These days, he sits in a room in his Montrose townhouse decorated with 52 pictures of their days together, and he thinks about those flights.

“I look at them, and I remember. This is where I meditate,” said the 93-year-old retired flight engineer and test pilot.

Bowen worked 31 years for the Hughes Aircraft Co., and his memories of those days are as sharp as the blue skies he can still envision over Culver City, Calif., in the heyday of revolutionizing aircraft with Hughes.

“The first couple of years, it was a little rough. He was checking to see how qualified I was. It was nothing for him to say, ‘Oh Challie, you don’t know what you’re talking about.’ But he’d go check it out and find out I did know.”

Bowen tested and flew many of Hughes’ well-known aircraft, including the Boeing Stratoliner, the Sikorsky S-43, the Spruce Goose and the XH-17 helicopter.

The Spruce Goose, a wooden plane designed to carry 750 troops, only had one flight, on Nov. 2, 1947. Bowen has a picture of himself at the controls with Hughes looking over his shoulder as they took the massive plane up for the mile-long flight.

Bowen said the most difficult aircraft to fly was the XH-17 – the largest helicopter ever built.

“You know Howard, everything had to be big,” Bowen said with a chuckle.

Bowen said on longer flights the two took together, Hughes would frequently go nap, leaving Bowen alone at the controls. Often, he said, there was a guest aboard.

“Ninety percent of the time, there was a lady friend with us. I was in the company of Liz Taylor when she was a 17-year-old starlet. There was Ava Gardner, Yvonne DeCarlo, Lana Turner. Oh, gosh, there were a lot,” Bowen recalls.

The Smithsonian National Air & Space Museum recently recorded Bowen’s recollections for an oral history.

Dr.

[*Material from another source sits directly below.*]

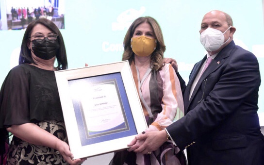 En el marco de la actividad, el Infotep entregó un reconocimiento a Circe Almánzar, por su colaboración leal y voluntaria en favor de la formación y el fomento de la equidad de género en nuestro país.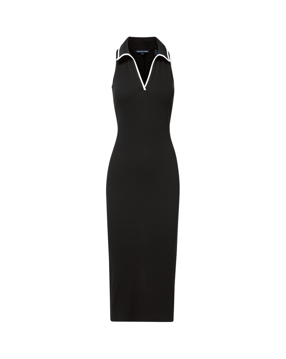 Effortlessly chic and sporty. this body-skimming polo dress is knitted from premium stretch cotton for a perfect fit. The sleeveless. midi silhouette. in black. features white contrast piping along the armholes. collar. and neckline. Pair this versatile go-to with sandals for a laid-back look or dress it up with heels for something more polished.

Bob van der Linden, curator of air transportation for the Smithsonian, said not many people worked for Hughes as long as Bowen.

“People came and went and were summarily dismissed by Hughes,” van der Linden noted.

Bowen told about Hughes’ end days, even though he had already retired when Hughes died in 1976. Bowen said the few people still close to Hughes kept him posted on Hughes’ whereabouts and mental state.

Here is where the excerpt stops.